The Old Fool, Rhoda and Rachel arrived in Tampa, Florida on February 4, 1950. They had to adjust to many things and to make friends of neighbors. Two blocks of Ida St. that passed the church were unpaved. Every so often trucks loaded with oyster shells dumped their loads on the street. Automobile traffic soon turned the shell into dust that the wind blew into church and parsonage. This annoyed The Old Fool and his family. (This story, and many others but less political are told in The Old Fool’s books.)
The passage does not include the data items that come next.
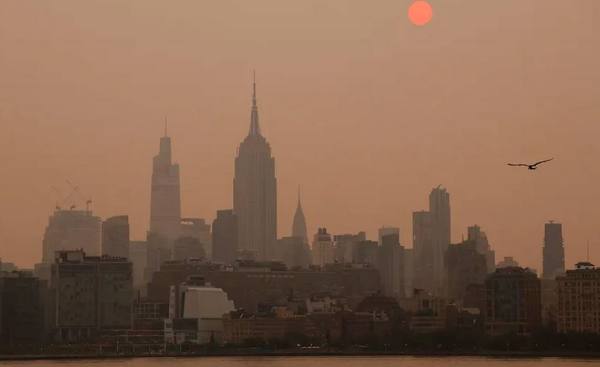 وتحركت المئات من ألسنة اللهب وأعمدة الدخان في شرق كندا جنوبا، مما تسبب في ضباب كثيف وظهور لون برتقالي خفيف، في السماء في نيويورك وأماكن أخرى.
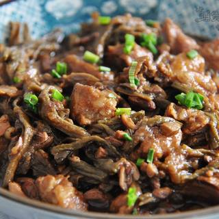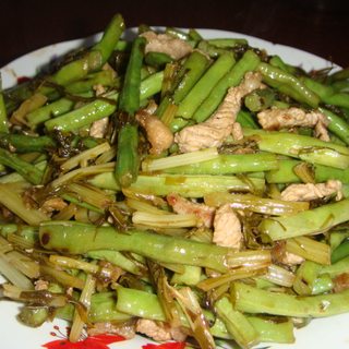 原料:肉丝、咸菜、豆角、油、盐、生抽、料酒、鸡精。
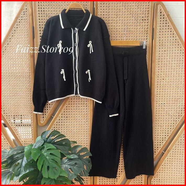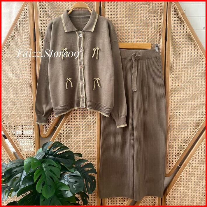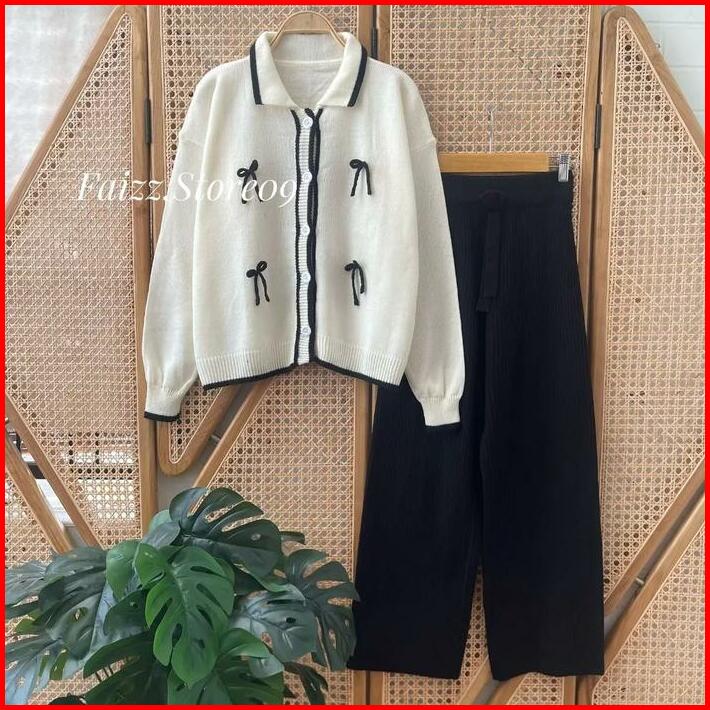 Oneset Ciko Cardigan Rajut Motif Pita Setelan Celana Kulot Premium Wanita Lengan Panjang Kekinian Atasan Baju Dewasa
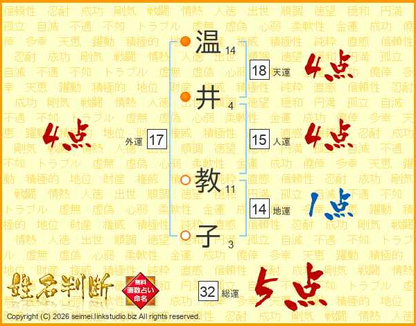 温井教子さんの総運は32画の5点!
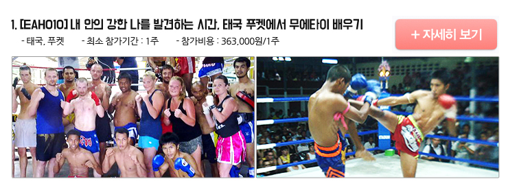 무에타이는 태국의 전통 무술이자 격투 스포츠로 1000년 가량 이어져왔습니다. 무에타이는 가능한 모든 신체부위를 사용하는 무술이므로, 복싱보다는 펀치와 스텝의 빈도가 낮으며 신체의 균형 유지에 좀 더 신경을 써야 하는 운동입니다. 한국에서는 최근 다이어트 열풍이 불면서 무에타이의 다양한 동작을 활용한 다이어트가 큰 인기를 얻고 있습니다. 다이어트 및 군살제거와 스트레스 완화, 호신 효과를 동시에 누릴 수 있는 전신 유산소운동인 무에타이! 태국 푸켓의 푸른 해변을 즐기며 유명한 선수 출신 트레이너로부터 집중적으로 훈련을 받을 수 있는 기회, 내 안의 강한 모습을 발견하고 심신을 수련할 수 있는 기회를 놓치지 마세요!
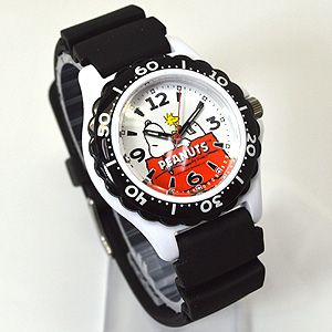 アウトドアやプール遊びにもOK!10気圧防水+逆回転防止レジスタリング付きの本格派ウォッチ。スポーツウォッチのスタイリッシュなフォルムに文字板にはスヌーピーのイラスト。
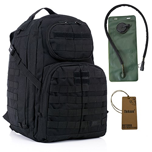 Tekon 40L Multipurpose Tactical BackPack Large Camping Hiking Shoulder Pack With 2.5 Liter Hydration Water Bladder System Features: High Strength 600D Oxford fabric. Adjustable capacity for the main pocket The main packet can hatch Water bladder. MOLLE system Velcro can stick flags or article name, etc Specifications: Material:Water-resistant 600D polyester fabric Backpack Capacity: 40L Water bladder capacity:2.5L Package including: 1 X 40L Multipurpose Tactical BackPack 1 X 2.5L Water bladder Nott: All of our bag has a promised guarantee period of 1-year.
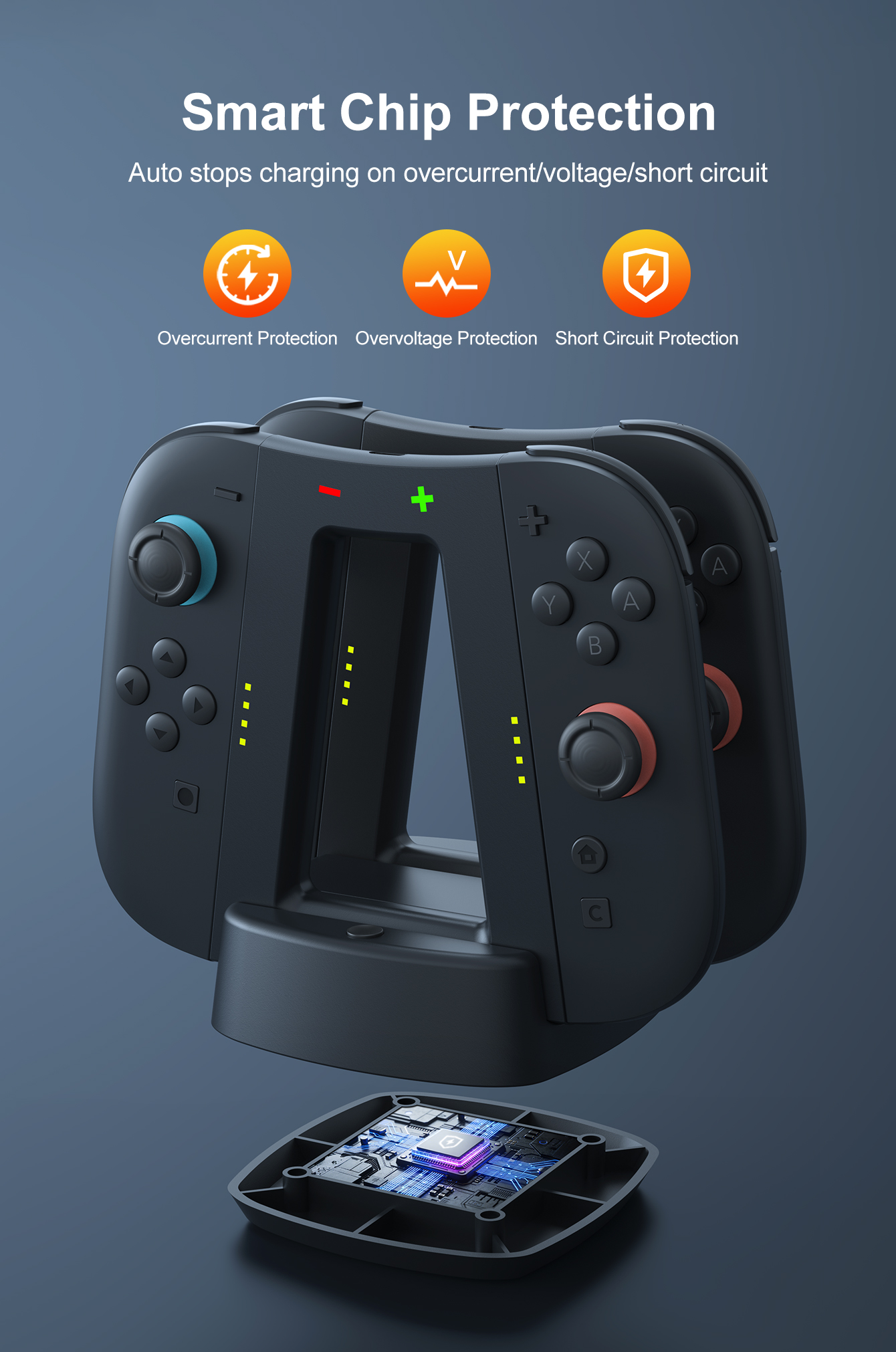 *Low-voltage, over-voltage and over-current protection, safe charging, long-term charging will not damage JoyCons.
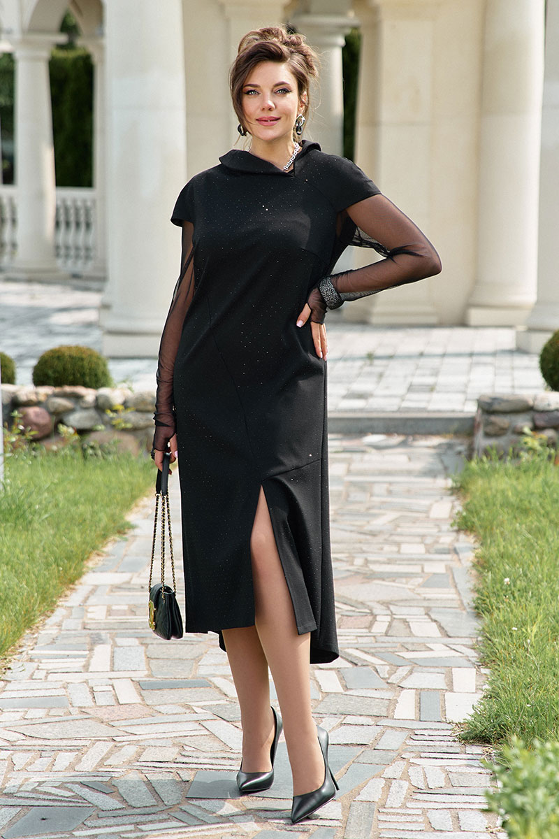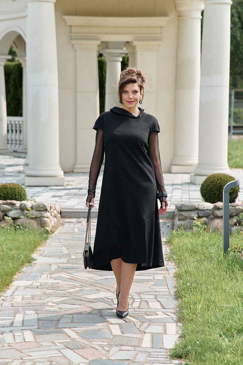 Комплект женский двух-предметный, состоящий из платья и блузона. Этот комплект — для женщины, которая не боится владеть вниманием. Если Вы ищете идеальное сочетание стиля и комфорта, вот идеальный выбор. Глубокий матовый чёрный трикотаж мягко струится, переливаясь при движении мелкими искорками страз.
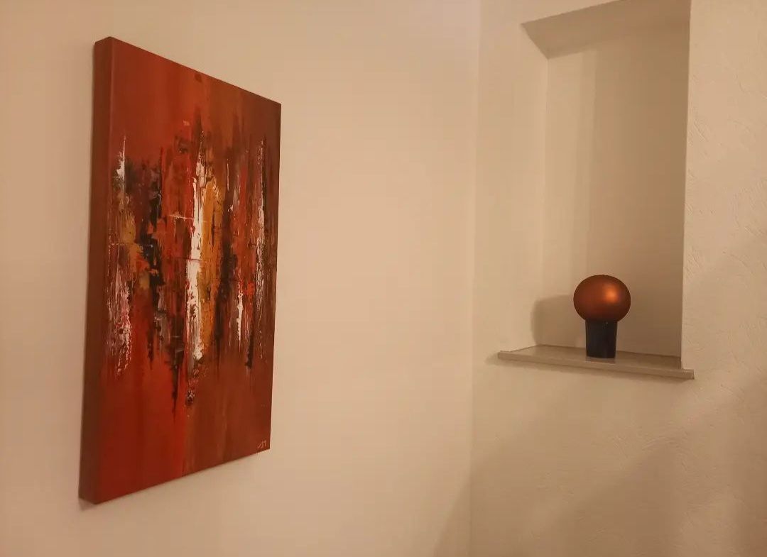 Na een aantal weken heeft ze ons schilderij (een echt talentvol kunstwerk) zelf opgehangen.
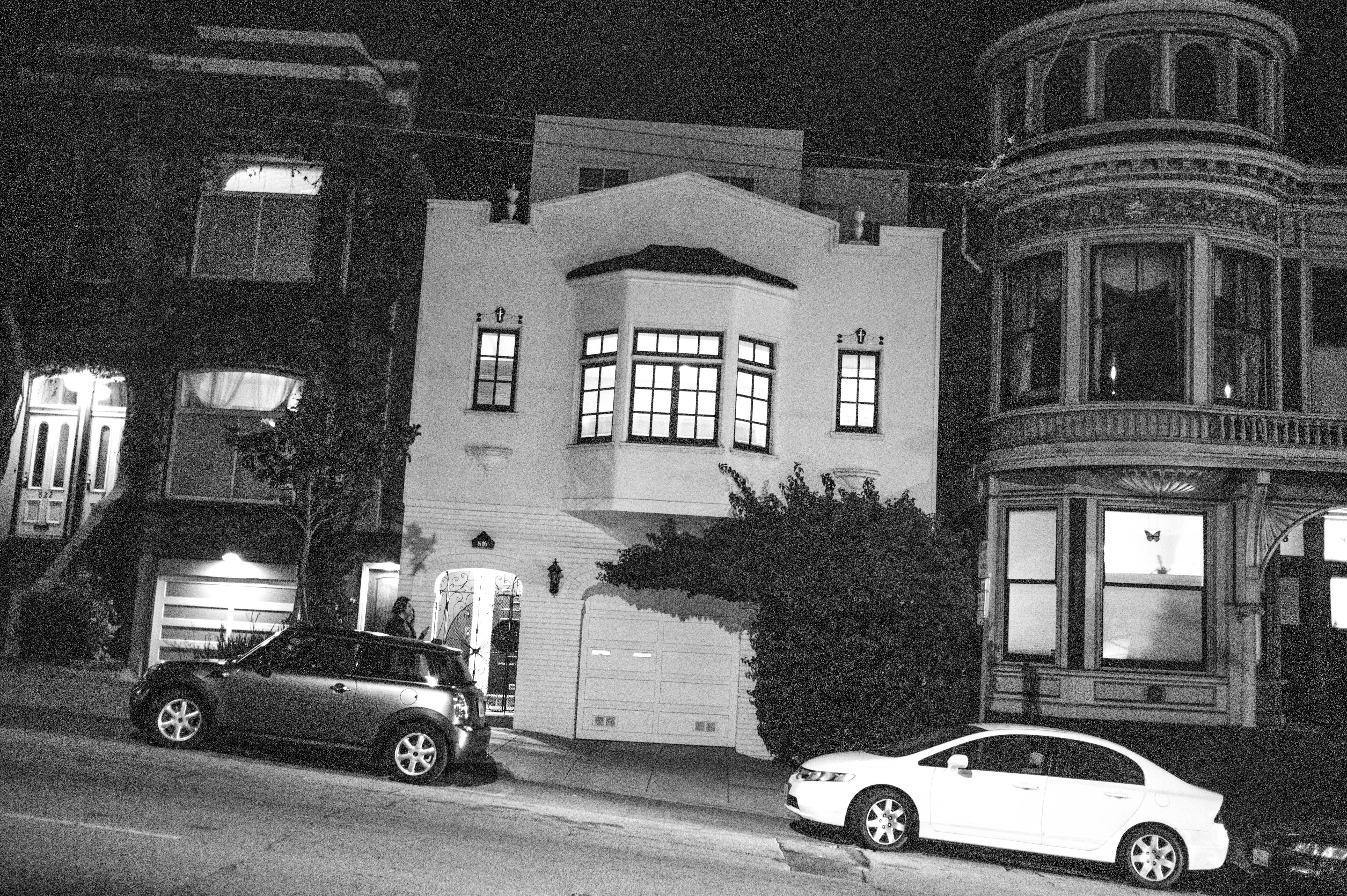 This photograph captures a charming street scene at night, where a stark white house stands out against the darkened facades of its neighbors. The composition highlights the contrast between the lighted windows and black surroundings, evoking a sense of quiet intimacy. With the surrounding vehicles parked beneath a muted glow, the atmosphere feels both serene and contemplative, embodying the peaceful stillness of the urban night.
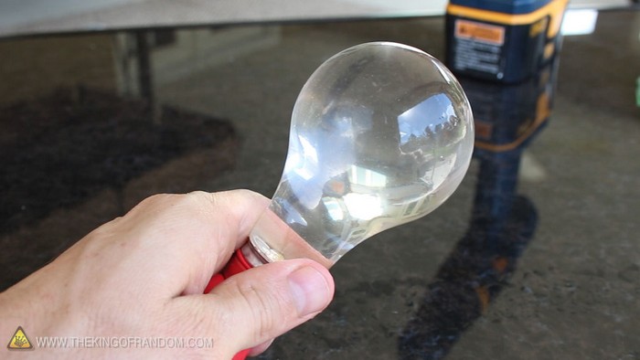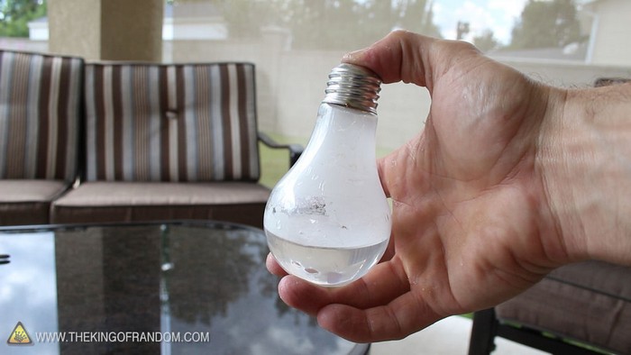 Возьмите неработающую лампочку и открутите её цоколь. Теперь налейте вовнутрь немного горячей воды и хорошенько, долго потрясите. Вы заметете, как белое покрытие начнёт сходить. Этот «эффект шара со снегом» вам и нужен. Повторите процедуру несколько раз, пока лампочка не станет кристально чистой.
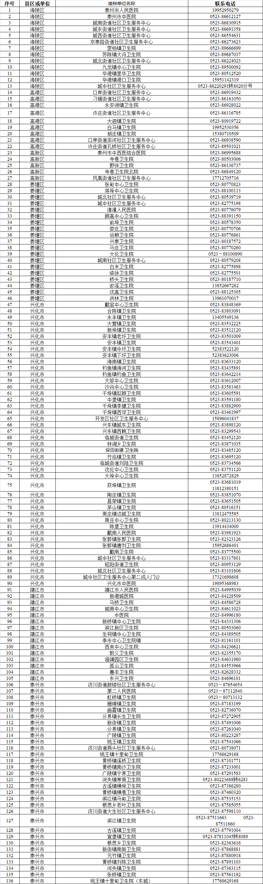 + }5 i2 D5 Z# C8 c, @5 ~3 e$ L" w新冠疫苗接种门诊信息 (点击图片可放大) 另外泰州市吸入用 新冠病毒疫苗接种门诊 (需提前电话预约) (具体服务时间以接种单位公示为准) : l1 B3 c, O/ p8 `% R. X

The Old Fool talked with a neighbor, Mr. Copeland, about the problem. He said, you’re the pastor. Call the mayor. Nervously, The Old Fool called the mayor’s office and was surprised to be assured that the matter would be taken care of. Surveyors were on the job on the day after the telephone call, and the day after that the street was being paved. The crew told The Old Fool they had been pulled off another job to pave the 14th. and 15th. blocks of Ida St.
Slowly, The Old Fool learned about the nature of city politics. The people had elected Mayor Curtis Hixon and the mayor’s job was to pave and maintain the streets, and do other necessary things with the taxes that were levied.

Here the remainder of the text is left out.